I'm trying to create a split() function in lua with delimiter by choice, when the default is space. the default is working fine. The problem starts when I give a delimiter to the function. For some reason it doesn't return the last sub string. The function:
我正在尝试在lua中使用分隔符创建一个split()函数,当默认为空格时。默认工作正常。当我给函数分配符时,问题就开始了。由于某种原因,它不会返回最后一个子字符串。功能:
function split(str,sep)
if sep == nil then
words = {}
for word in str:gmatch("%w+") do table.insert(words, word) end
return words
end
return {str:match((str:gsub("[^"..sep.."]*"..sep, "([^"..sep.."]*)"..sep)))} -- BUG!! doesnt return last value
end
I try to run this:
我尝试运行这个:
local str = "a,b,c,d,e,f,g"
local sep = ","
t = split(str,sep)
for i,j in ipairs(t) do
print(i,j)
end
and I get:
我得到:
1 a
2 b
3 c
4 d
5 e
6 f
Can't figure out where the bug is...
无法弄清楚bug在哪里......
3 个解决方案
#1
5
When splitting strings, the easiest way to avoid corner cases is to append the delimiter to the string, when you know the string cannot end with the delimiter:
分割字符串时,避免极端情况的最简单方法是将分隔符附加到字符串,当您知道字符串不能以分隔符结束时:
str = "a,b,c,d,e,f,g"
str = str .. ','
for w in str:gmatch("(.-),") do print(w) end
Alternatively, you can use a pattern with an optional delimiter:
或者,您可以使用带有可选分隔符的模式:
str = "a,b,c,d,e,f,g"
for w in str:gmatch("([^,]+),?") do print(w) end
Actually, we don't need the optional delimiter since we're capturing non-delimiters:
实际上,我们不需要可选的分隔符,因为我们正在捕获非分隔符:
str = "a,b,c,d,e,f,g"
for w in str:gmatch("([^,]+)") do print(w) end
#2
0
Here's the split function I usually use for all my "splitting" needs:
这是我通常用于满足所有“分裂”需求的分割功能:
function split(s, sep)
local fields = {}
local sep = sep or " "
local pattern = string.format("([^%s]+)", sep)
string.gsub(s, pattern, function(c) fields[#fields + 1] = c end)
return fields
end
t = split("a,b,c,d,e,f,g",",")
for i,j in pairs(t) do
print(i,j)
end
#3
0
"[^"..sep.."]*"..sep
This is what causes the problem.
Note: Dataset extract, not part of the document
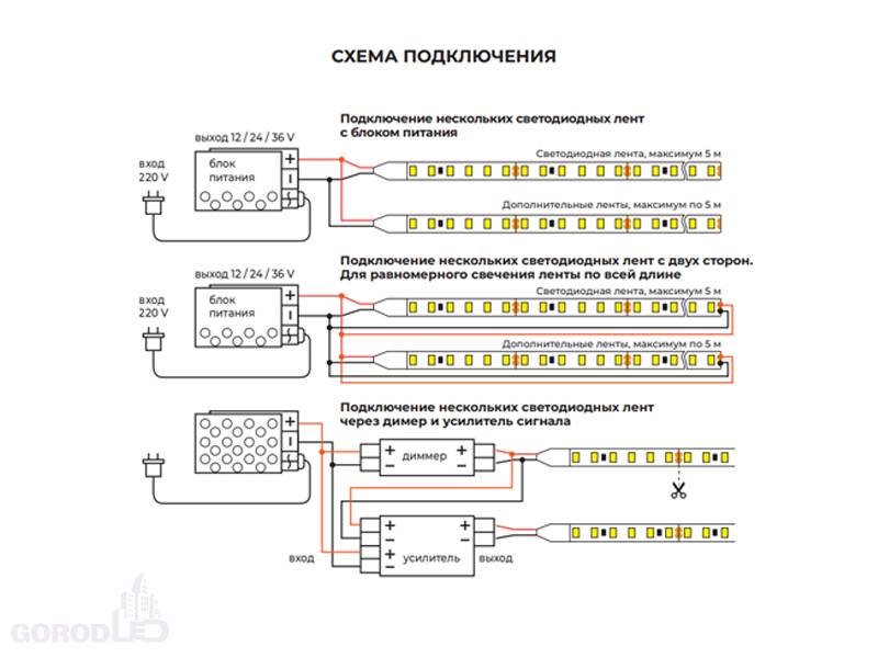 Схема подключения Светодиодная лента LP IP22 2835/160 LED CRI90

You are matching a string of characters which are not the separator followed by the separator. However, the last substring you want to match (g
) is not followed by the separator character.
“[^”.. sep ..“] *”.. sep这是导致问题的原因。您正在匹配一个字符串,这些字符不是分隔符后跟分隔符。但是,要匹配的最后一个子字符串(g)后面没有分隔符。
The quickest way to fix this is to also consider \0
a separator ("[^"..sep.."\0]*"..sep
), as it represents the beginning and/or the end of the string. This way, g
, which is not followed by a separator but by the end of the string would still be considered a match.
解决此问题的最快方法是同时考虑\ 0分隔符(“[^”.. sep ..“\ 0] *”.. sep),因为它表示字符串的开头和/或结尾。这样,g,后面没有分隔符,但是字符串的末尾仍然被认为是匹配。
I'd say your approach is overly complicated in general; first of all you can just match individual substrings that do not contain the separator; secondly you can do this in a for
-loop using the gmatch
function
我说你的方法一般过于复杂;首先,您可以匹配不包含分隔符的各个子字符串;其次,您可以使用gmatch函数在for循环中执行此操作
local result = {}
for field in your_string:gsub(("[^%s]+"):format(your_separator)) do
table.insert(result, field)
end
return result
EDIT: The above code made a bit more simple:
编辑:上面的代码更简单:
local pattern = "[^%" .. your_separator .. "]+"
for field in string.gsub(your_string, pattern) do
-- ...and so on (The rest should be easy enough to understand)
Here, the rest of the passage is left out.